OS AMIGOS E A BAILARINA
Eram dois amigos
inseparáveis. Conheciam-se desde criança e mantinham laços indestrutíveis de
amizade e carinho. Certo dia conheceram juntos uma bailarina. Que mulher
aquela! Não só era amável como lindíssima e cativante. Nunca tinham visto uns
olhos tão expressivos e de uma tão apelativa cor de âmbar como os dela. Chegara
numa caravana. Quando os amigos a viram rodopiar à sua frente com a
flexibilidade de um lírio e a energia duma torrente, apaixonaram-se de imediato
por aquela jovem fascinante. Os dois amavam-na e estavam encantados com a
jovem. Ela entregava-se a ambos com a mesma ternura e paixão. Passaram semanas
e, um dia, um dos amigos disse ao outro:
- Vivo atormentado pela ideia
de um dia podermos ficar sem ela.
- Mais cedo ou mais tarde,
todos ficaremos sem tudo aquilo que temos – repôs com serenidade o outro amigo.
Passaram-se meses. Os
amigos mantinham uma relação perfeita com a sugestiva bailarina. Aos
amanheceres sucediam-se os entardeceres. Numa luminosa manhã estival, a mulher
disse aos jovens que recebera um telegrama a anunciar-lhe que tinha trabalho
como bailarina noutro país, e que devia partir para poder continuar a dançar
para outras gentes. Fundiu-se num abraço de despedida cálido e afectuoso com os
jovens apaixonados. Após a despedida, a bailarina partiu. Então, um dos amigos
disse:
- Reparaste? Vivia
atormentado porque um dia podíamos perdê-la, e assim aconteceu. Agora estou
verdadeiramente desolado. Que sentido tem a minha vida? Não, não conseguirei
viver sem ela. E tu, como te sentes?
O amigo respondeu com
serenidade:
- Eu? Óptimo, muito bem.- Mas como é possível? Acabas de perder uma mulher maravilhosa.
- Pensa um pouco comigo.
Antes de ela ter aparecido na minha vida, eu sentia-me muito bem. Ela foi um
belo presente do destino. Veio e desfrutei-a intensamente a cada instante.
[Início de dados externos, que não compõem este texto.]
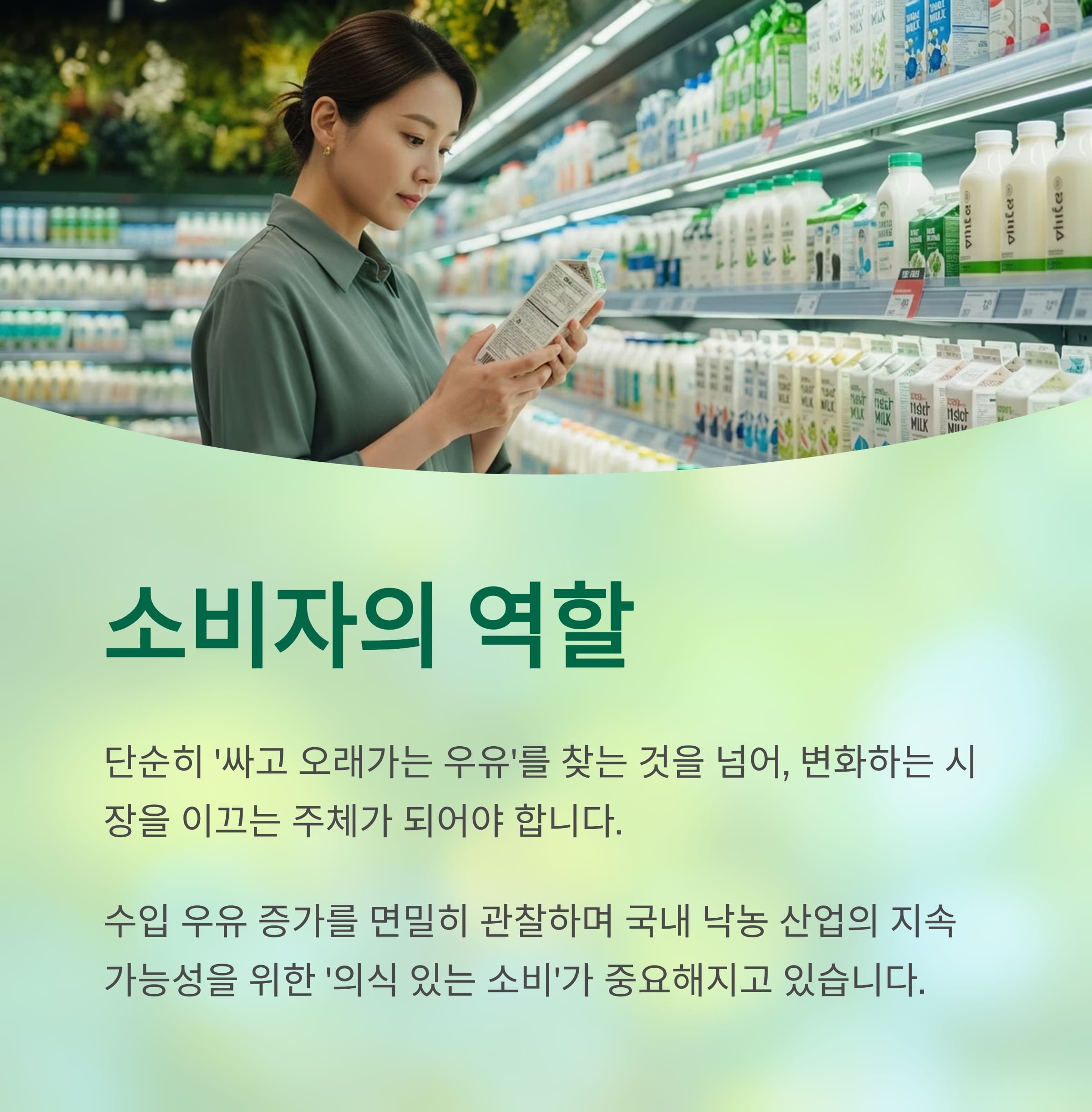 우리는 단순히 ‘싸고 오래가는 우유’를 찾는 소비자가 아닌, 변화하는 시장을 이끄는
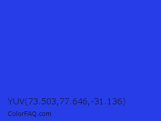 YUV 73.503,77.646,-31.136 Color is a normal blue color and the nearest color is Palatinate Blue #273be2. Hex code #263de7 and RGB value is rgb(38,61,231). In RGB color space, this color is composed of 15% red, 24% green, 91% blue, In CMYK color space, this color is composed of 84% cyan, 74% magenta, 0% yellow , 9% black , In HSL color space, this color has a hue angle of 233° , 80% saturation and 53% lightness.
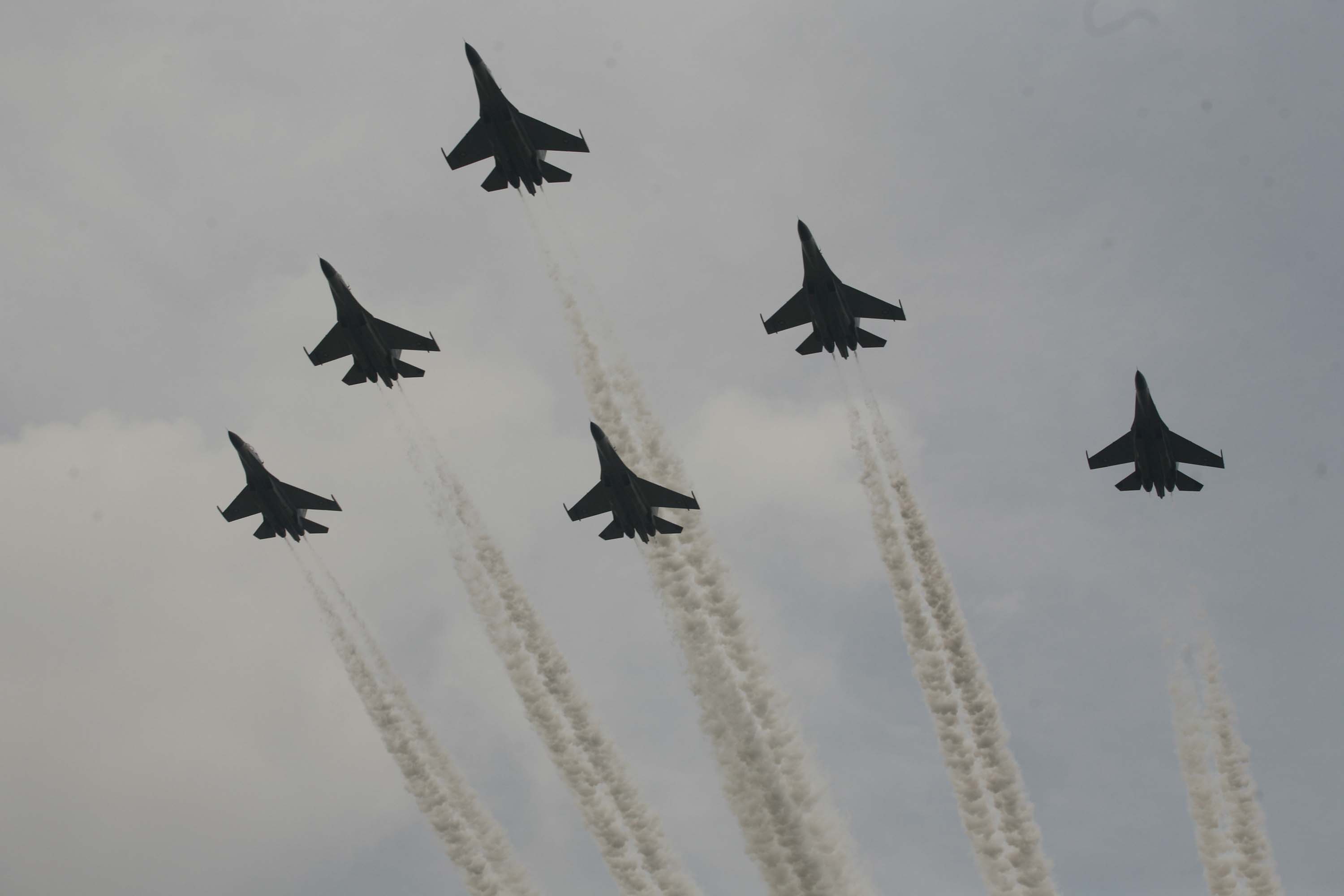 Sejumlah Jet tempur Sukhoi melakukan “Flying Pass” pada peringatan Hari Angkatan Udara ke-66 di Pangkalan Udara TNI AU Halim Perdanakusuma, Jakarta Timur, Senin, 9 Januari 2012. Peringatan Hari Angkatan Udara yang melibatkan 2.560 Personel TNI AU itu dilanjutkan dengan demo udara dan keterampilan prajurit. – JP/ Jerry Adiguna
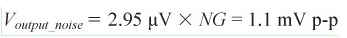 跨導(dǎo)放大器的輸入噪聲應(yīng)乘以此增益。ADA4505-2的0.1 Hz至10 Hz輸入電壓噪聲為2.95 μV p-p,因此輸出端的噪聲為:
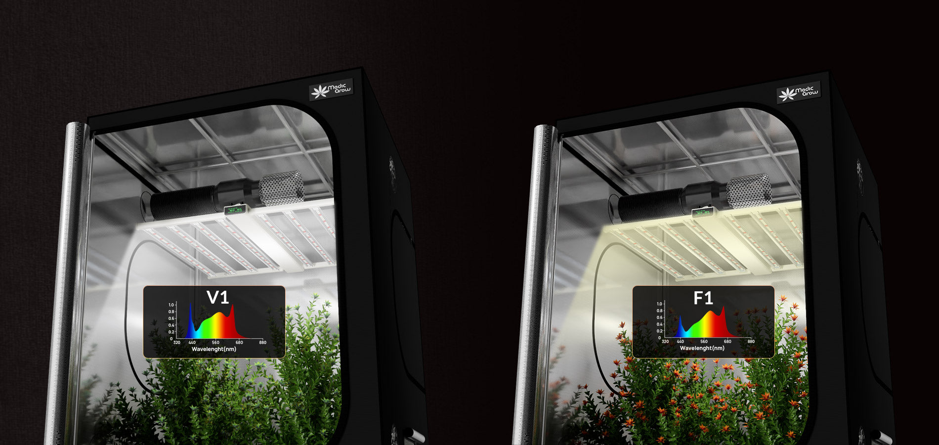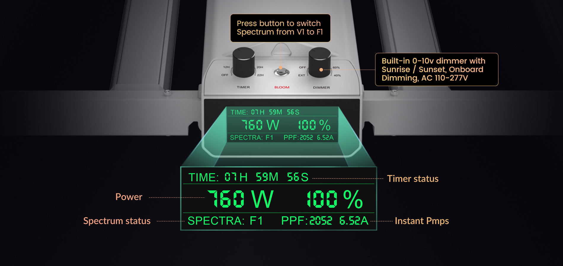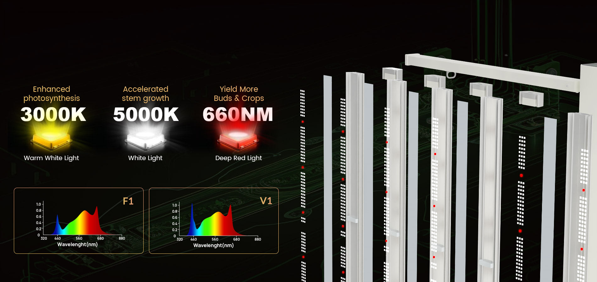 The Smart-8 also features a convenient Bloom button for easy switching between vegetative (V1) and flowering (F1) modes. Its wave-shaped heat sink design rapidly dissipates heat, while the multi-bar structure prevents hot spots, ensuring your plants remain cool and thriving.
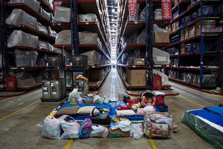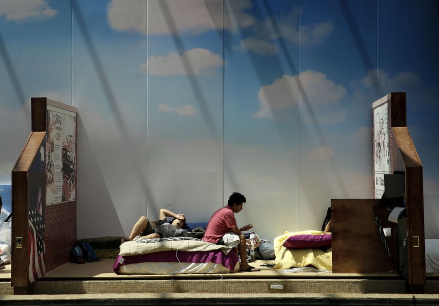 Read moreAlberto Cuevas and his son Eddie rest in their living area at a shelter in Gallery Furniture in Richmond, Texas, on August 30, 2017. Cuevas's family left their Houston home after after an evacuation order was issued for flooding as a result of Hurricane Harvey. The furniture store opened as a shelter, housing as many as 350 people in an area being constructed as a museum of American industry. #
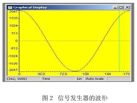 一 Project 菜单中 Rebuild All选项,编译链接该工程,没有错误后,选择 File菜单中 Load Program选项,选择 *.C文件,进行加载程序。选择 View菜单中 graph选项中 Time/Frequency设置图形属性,选择 Start Address 为 DACdata ,设 Acquisition Buffer Size为 180 ,设 Display Data Size为180 ,设 Dsp Data Type为 16-bit signed integer。点击 OK ,观察信号发生器的波形,如图2:
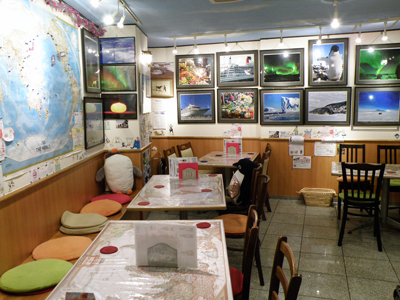 店内は、5卓約20人が利用できるほどの広さで、南極の様子や動物などのさまざまな写真が目に飛び込んでくる。「昭和基地、到着」といった感じが楽しい。
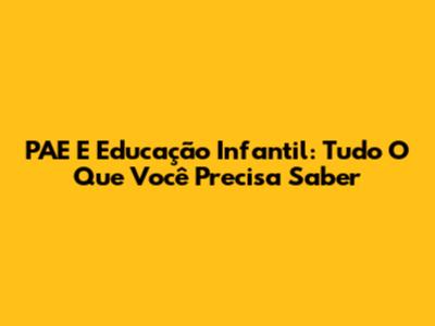 PAE E Educação Infantil: Tudo O Que Você Precisa Saber
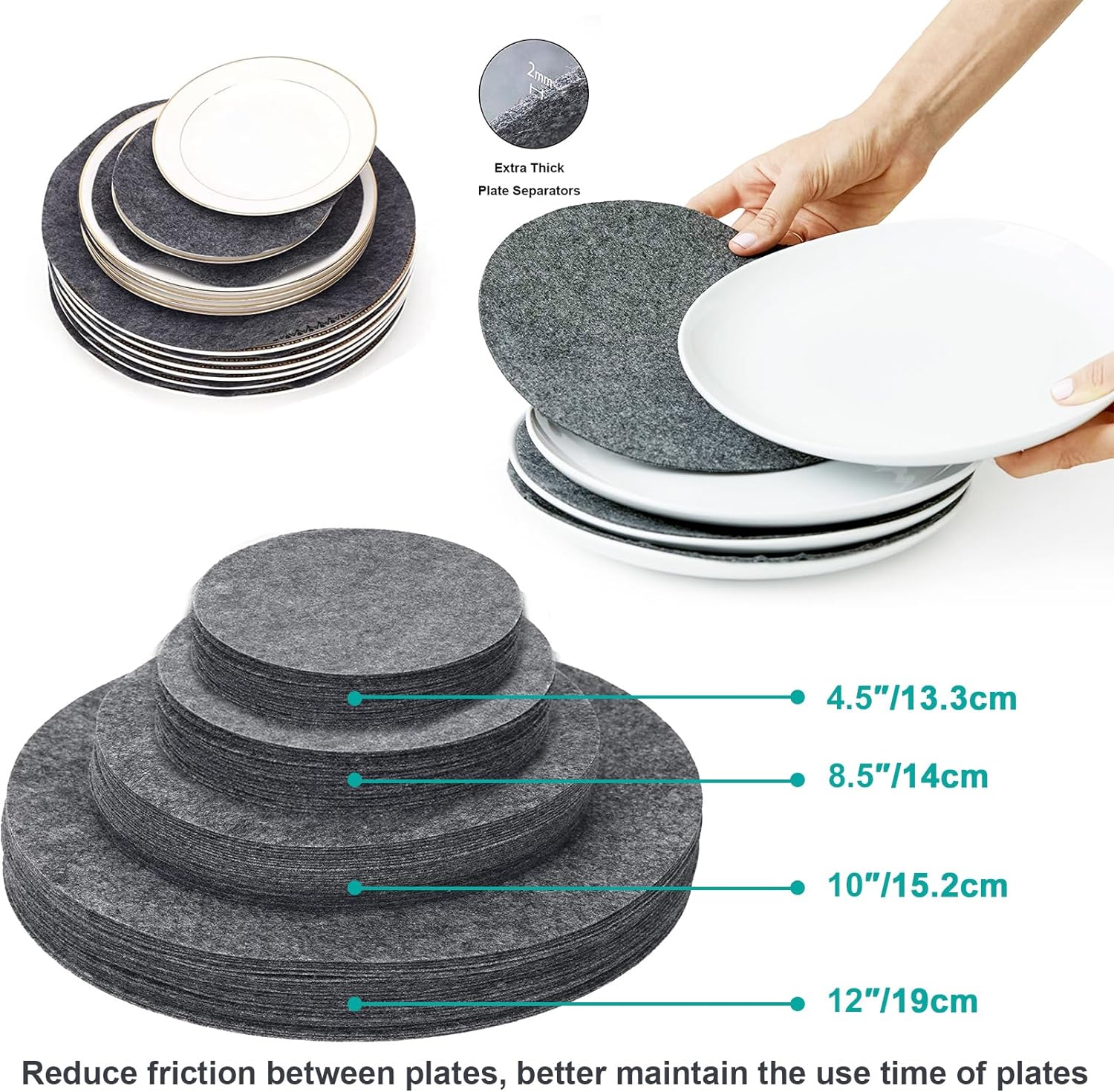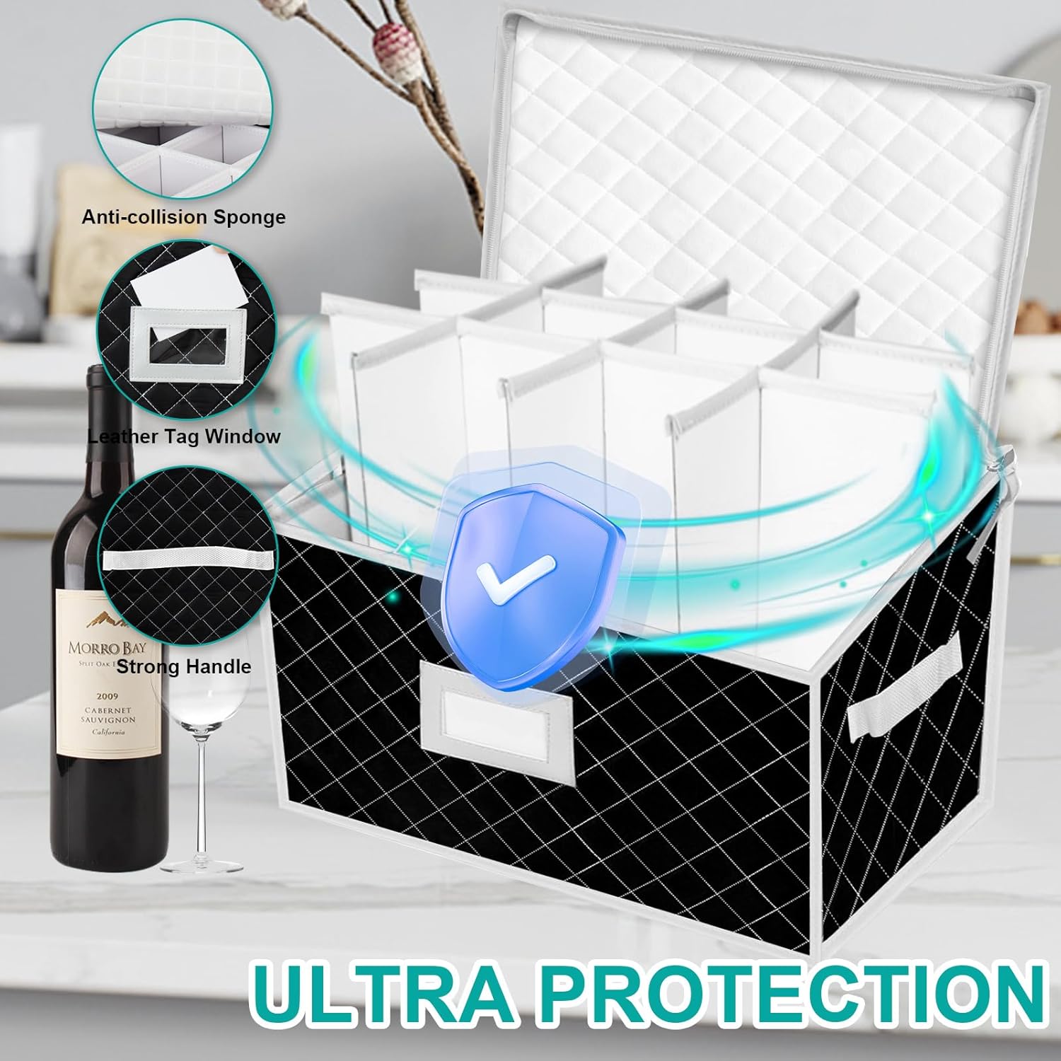 - 👍【Quality Material】: Both the stemware and mug storage bins with 2 sturdy handles.They are hard shell constructed by thick hard cardboard covered with quilted oxford cloth, each with 12 compartments to keep your glasses/cups from bumping into each other. For 4 dish storage containers, we provide 12 free felt separators, in total 48 sheets for you to put between plates to prevent scratches. Please rest assured that they will provide the best protection for your fine/delicate and fragile dishes.

Enquanto esteve cá, nem por um momento, um só que fosse, deixei de senti-la e
vivê-la no mais profundo de mim. Ela partiu e eu continuo a estar como estava
antes que ela chegasse, ou seja, muito bem. Bem estava antes que chegasse, bem
enquanto ela esteve aqui, e bem estou agora que partiu. Se estou bem comigo
mesmo, poderia ser de alguma outra maneira? O destino trouxe-a; o destino levou-a.
E eu sinto-me muito bem.
*
Quando
tivermos superado as nossas carências emocionais e os nossos vazios de solidão
e estivermos completos em nós mesmos, não criaremos laços de dependência, e
poderemos desfrutar intensamente da relação de afecto sem estarmos subjugados
e, ao mesmo tempo, sentindo-nos equilibrados e em harmonia.
in “Os melhores contos
espirituais do Oriente” – Ramiro Valle
Imagem: pintura de Robert
Heindel (USA, 1938 - 2005)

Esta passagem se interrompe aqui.